Because some workers of the deployed topologies were running on the failed
machines, cluster's behaviour has been unusual (It has been running but not
as it should).

Once we recovered the failed nodes, and rebalanced the topologies, the
cluster returned to work properly.

We would like to know if there is any way to alert nimbus, when a node fall
down, in order to rebalance the affected topologies and  create new workers
in the healthy nodes of the cluster that supply those who were working on
the failed ones.

This would have helped us so much, because we could have kept consistency
in our service in spite of the failed nodes.

Any advice?

Tahnks in advance!






*JULIÁN BERMEJO FERREIRO*
*Departamento de Tecnología *
*julian.bermejo@beeva.com <ju...@beeva.com>*
<http://www.beeva.com/>

Re: Storm rebalancing problems

Posted by Jungtaek Lim <ka...@gmail.com>.

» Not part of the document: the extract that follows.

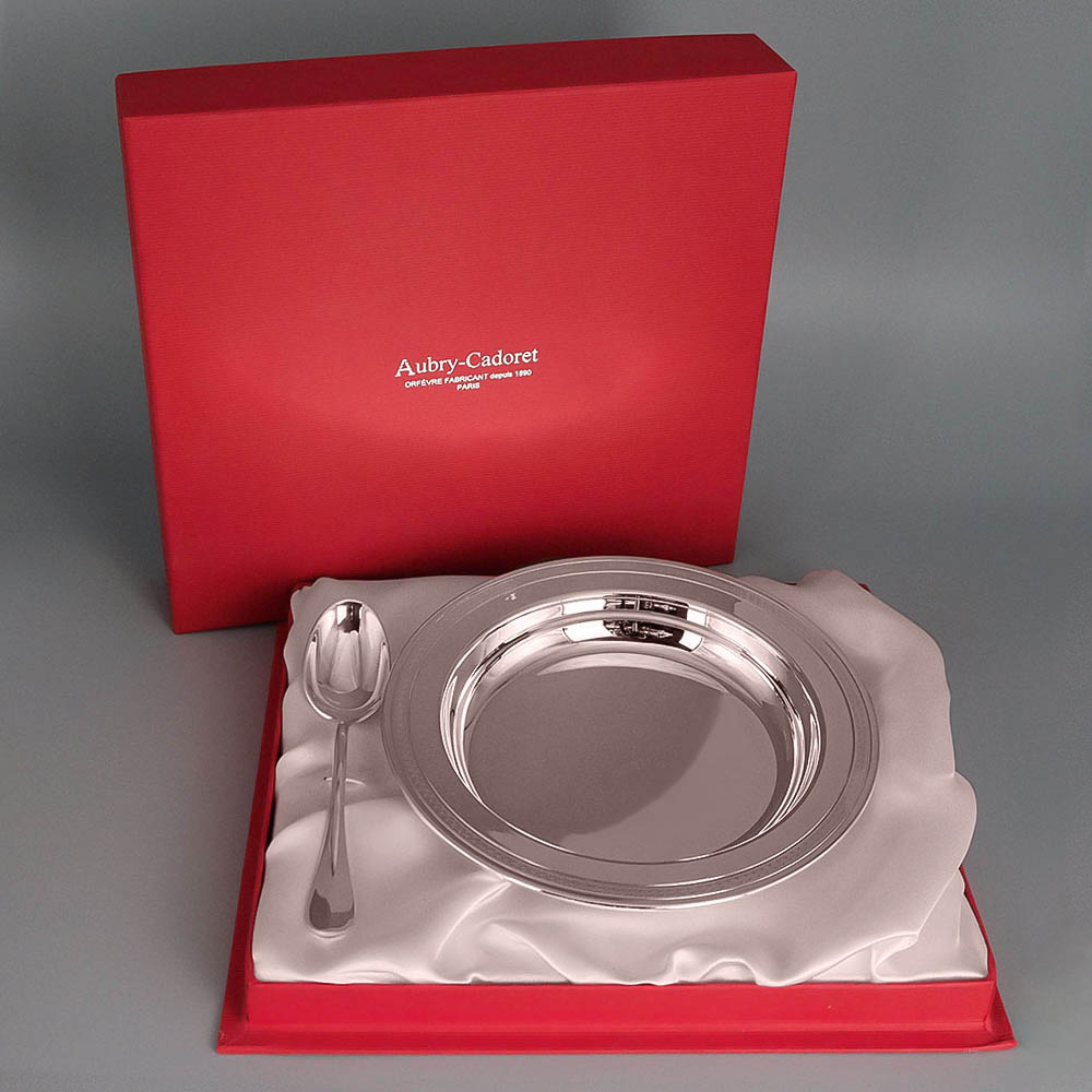 Tous nos coffrets sont gravés et expédiés sous 24h par Colissimo Suivi dans une boîte-écrin siglée de la Maison Aubry-Cadoret. L’assiette à bouillie et la cuillère en argent sont délicatement enveloppées dans un tissu satiné.

You can rebalance your topology with proper wait time without killing all
workers manually.
When 'kill' or 'rebalance' is issued, topology is immediately
'deactivated', so spouts are not fetching / emitting tuples. In wait time,
bolts process tuples which are already emitted from Spout. If bolts can
process all flowing tuples, it's a graceful restart. Same thing applies to
kill, 'graceful stop' in this case.

- Jungtaek Lim (HeartSaVioR)


2016년 5월 26일 (목) 오후 11:06, Julián Bermejo Ferreiro | BEEVA <
julian.bermejo@beeva.com>님이 작성:

> Hi Jungtaek,
>
> We are running, Storm 0.9.4, but we are planning to migrate to 1.0.1
> version.
>
> We deploy our topologies to move messages inside RabbitMQ brokers.
>
> Certanly, we have made the test of forcing a worker's die, and once nimbus
> timeout has happened, a new worker appeared in another node,  but system
> doesn't behave as good as it should. It was necessary to kill some other
> workers and rebalance a couple of times in order to get everything OK (A
> constant message flow inside our brokers).
>
> Is it possible to kill all the workers inside a topology and rebalance
> (like a kind of graceful shutdown)? Or once you kill all of them you must
> redeploy de hole topology?
>
> Is 1.0.1 version a possible solution?
>
> Thanks again.
>
>
>
>
> *JULIÁN BERMEJO FERREIRO*
> *Departamento de Tecnología *
> *julian.bermejo@beeva.com <ju...@beeva.com>*
> <http://www.beeva.com/>
>
>
>
>
> 2016-05-26 15:34 GMT+02:00 Jungtaek Lim <ka...@gmail.com>:
>
>> Hi Julián,
>>
>> Which version of Storm do you use?
>> I remember some of Storm 0.9.x versions has some issues when workers are
>> failing, so I'd like to know about it.
>>
>> Thanks,
>> Jungtaek Lim (HeartSaVioR)
>>
>> 2016년 5월 26일 (목) 오후 5:53, Julián Bermejo Ferreiro | BEEVA <
>> julian.bermejo@beeva.com>님이 작성:
>>
>>> Hello,
>>>
>>> We have a multiple-node storm cluster running on a Production
>>> environment. We have had some issues with a couple of machines, which have
>>> been out of service for a few hours.
>>>
>>> Because some workers of the deployed topologies were running on the
>>> failed machines, cluster's behaviour has been unusual (It has been running
>>> but not as it should).
>>>
>>> Once we recovered the failed nodes, and rebalanced the topologies, the
>>> cluster returned to work properly.
>>>
>>> We would like to know if there is any way to alert nimbus, when a node
>>> fall down, in order to rebalance the affected topologies and  create new
>>> workers in the healthy nodes of the cluster that supply those who were
>>> working on the failed ones.
>>>
>>> This would have helped us so much, because we could have kept
>>> consistency in our service in spite of the failed nodes.
>>>
>>> Any advice?
>>>
>>> Tahnks in advance!
>>>
>>>
>>>
>>>
>>>
>>>
>>> *JULIÁN BERMEJO FERREIRO*
>>> *Departamento de Tecnología *
>>> *julian.bermejo@beeva.com <ju...@beeva.com>*
>>> <http://www.beeva.com/>
>>>
>>>
>>>
>>>
>

Re: Storm rebalancing problems

Posted by Julián Bermejo Ferreiro | BEEVA <ju...@beeva.com>.

Hi Jungtaek,

We are running, Storm 0.9.4, but we are planning to migrate to 1.0.1
version.

We deploy our topologies to move messages inside RabbitMQ brokers.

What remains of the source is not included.